Why is cuFFT so slow?

Question

I'm hoping to accelerate a computer vision application that computes many FFTs using FFTW and OpenMP on an Intel CPU. However, for a variety of FFT problem sizes, I've found that cuFFT is slower than FFTW with OpenMP.

In the experiments and discussion below, I find that cuFFT is slower than FFTW for batched 2D FFTs. Why is cuFFT so slow, and is there anything I can do to make cuFFT run faster?

Experiments (code download)

Our computer vision application requires a forward FFT on a bunch of small planes of size 256x256. I'm running the FFTs on on HOG features with a depth of 32, so I use the batch mode to do 32 FFTs per function call.
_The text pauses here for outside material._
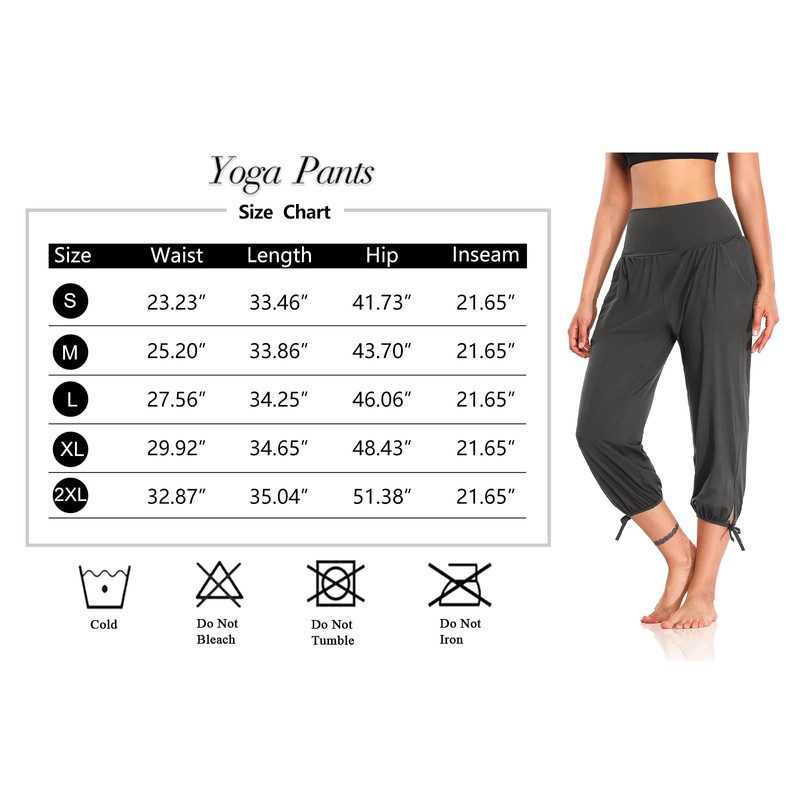 - Capris with Pockets: Loose yoga capris pants with side pockets for convenient on-the-go storage while running or jogging around town. Pull on capris for women, casual capris, harem pants for women
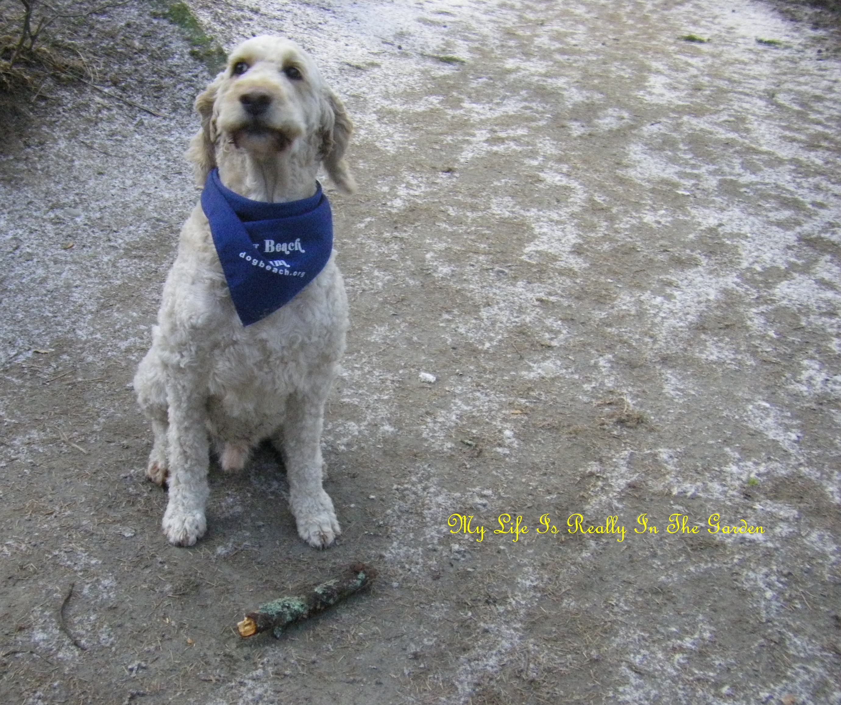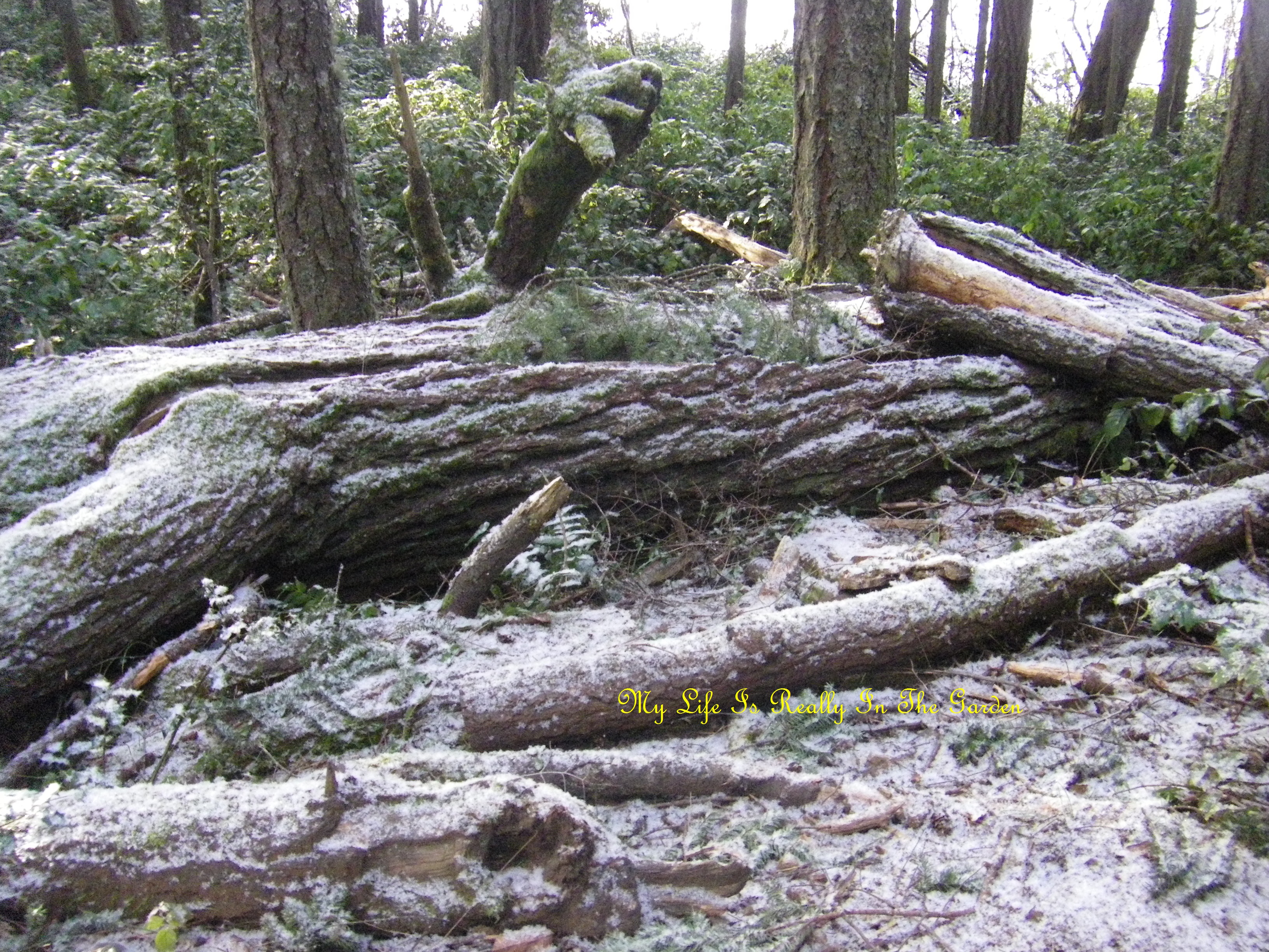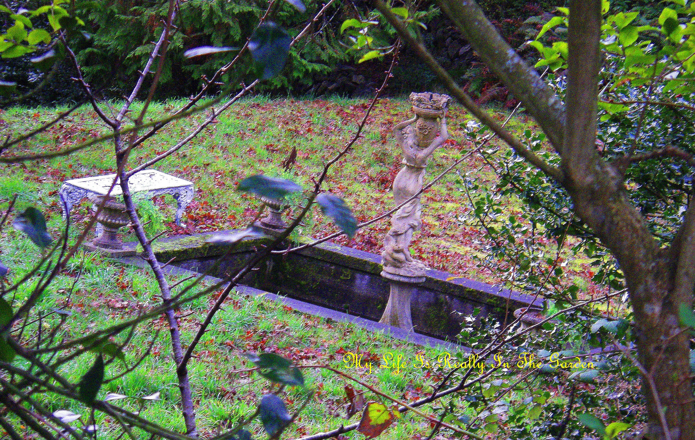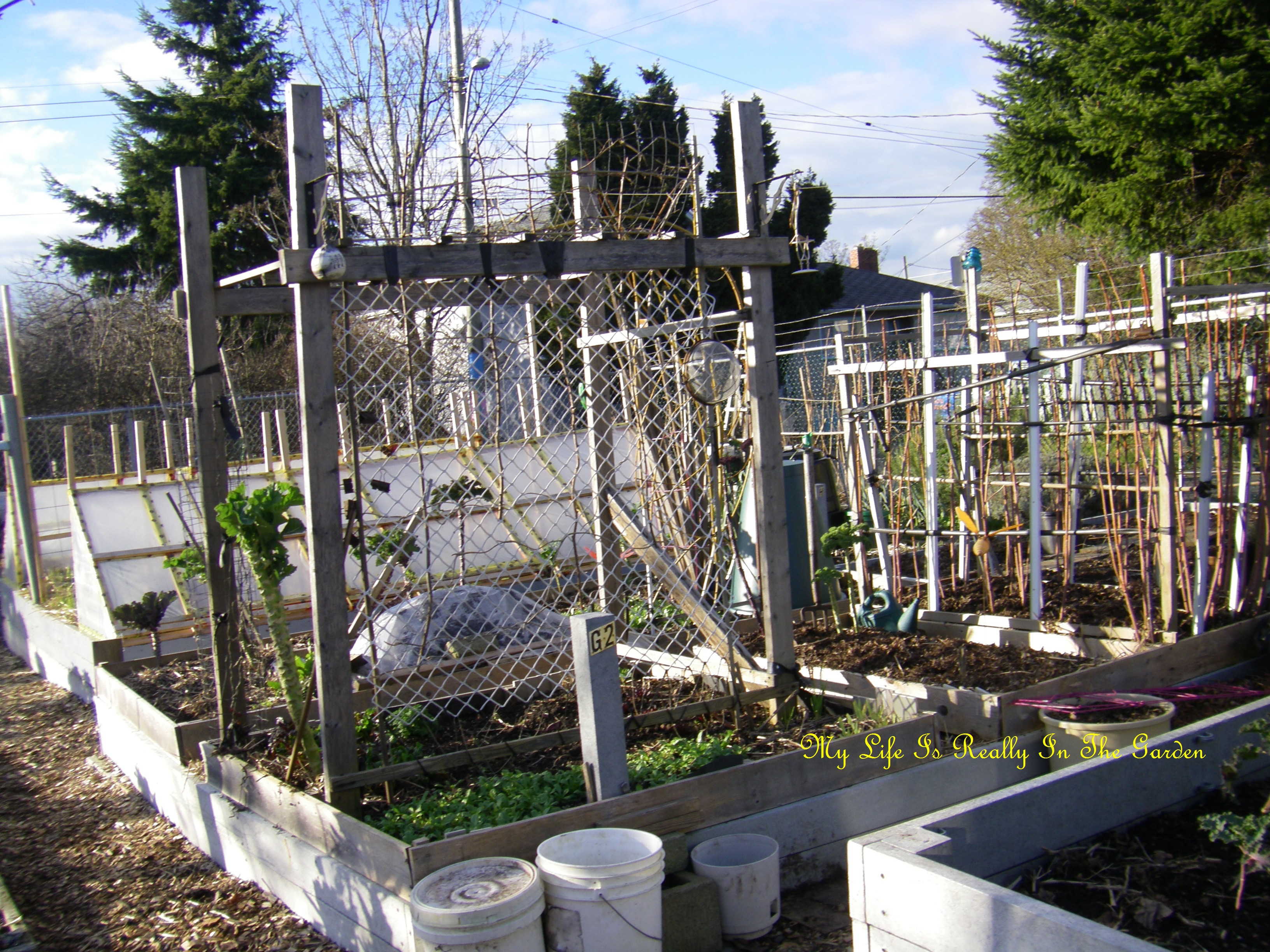 Then I spent a happy few hours, shifting leaf mulch/hay from an area where I had tucked a lot of potted plants into a protected area against the winter. Now it was time to move them aside and dig up the composting material. I drilled holes in the bottom of several waste bins …and later filled them up with the material. Lots of holes so the water can drain and breathe a bit, before I use this lovely stuff throughout the yard.

Typically, I do about 8 FFT function calls of size 256x256 with a batch size of 32.

FFTW + OpenMP
The following code executes in 16.0ms on an Intel i7-2600 8-core CPU.
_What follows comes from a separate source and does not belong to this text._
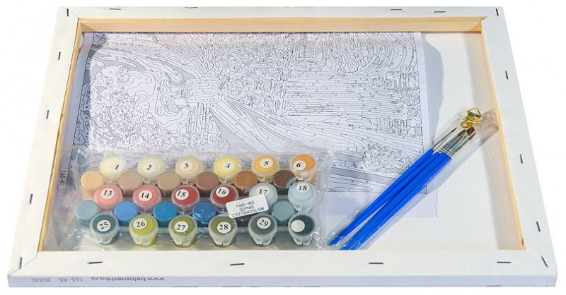 Серия: Животные В этом наборе вы найдете холст на подрамнике, на который нанесены контуры рисунка, а также числа, указывающие на цвет, которым должна быть закрашена та или иная часть картины. Наносите краску нужного цвета на холст при помощи кисти, сверяясь с контрольной схемой. Это спокойное, неторопливое занятие подойдет и ребенку, и взрослому, к тому же оно помогает развить цветовосприятие, аккуратность и художественный вкус. |

int depth = 32; int nRows = 256; int nCols = 256; int nIter = 8;
int n[2] = {nRows, nCols};

//if nCols is even, cols_padded = (nCols+2). if nCols is odd, cols_padded = (nCols+1)
int cols_padded = 2*(nCols/2 + 1); //allocate this width, but tell FFTW that it's nCols width
int inembed[2] = {nRows, 2*(nCols/2 + 1)};
int onembed[2] = {nRows, (nCols/2 + 1)}; //default -- equivalent ot onembed=NULL

float* h_in = (float*)malloc(sizeof(float)*nRows*cols_padded*depth);
memset(h_in, 0, sizeof(float)*nRows*cols_padded*depth);
fftwf_complex* h_freq = reinterpret_cast<fftwf_complex*>(h_in); //in-place version

fftwf_plan forwardPlan = fftwf_plan_many_dft_r2c(2, //rank
                                                 n, //dims -- this doesn't include zero-padding
                                                 depth, //howmany
                                                 h_in, //in
                                                 inembed, //inembed
                                                 depth, //istride
                                                 1, //idist
                                                 h_freq, //out
                                                 onembed, //onembed
                                                 depth, //ostride
                                                 1, //odist
                                                 FFTW_PATIENT /*flags*/);
double start = read_timer();
#pragma omp parallel for
for(int i=0; i<nIter; i++){
    fftwf_execute_dft_r2c(forwardPlan, h_in, h_freq);
}
double responseTime = read_timer() - start;
printf("did %d FFT calls in %f ms \n", nIter, responseTime);

cuFFT
The following code executes in 21.7ms on a top-of-the-line NVIDIA K20 GPU. Note that, even if I use streams, cuFFT does not run multiple FFTs concurrently.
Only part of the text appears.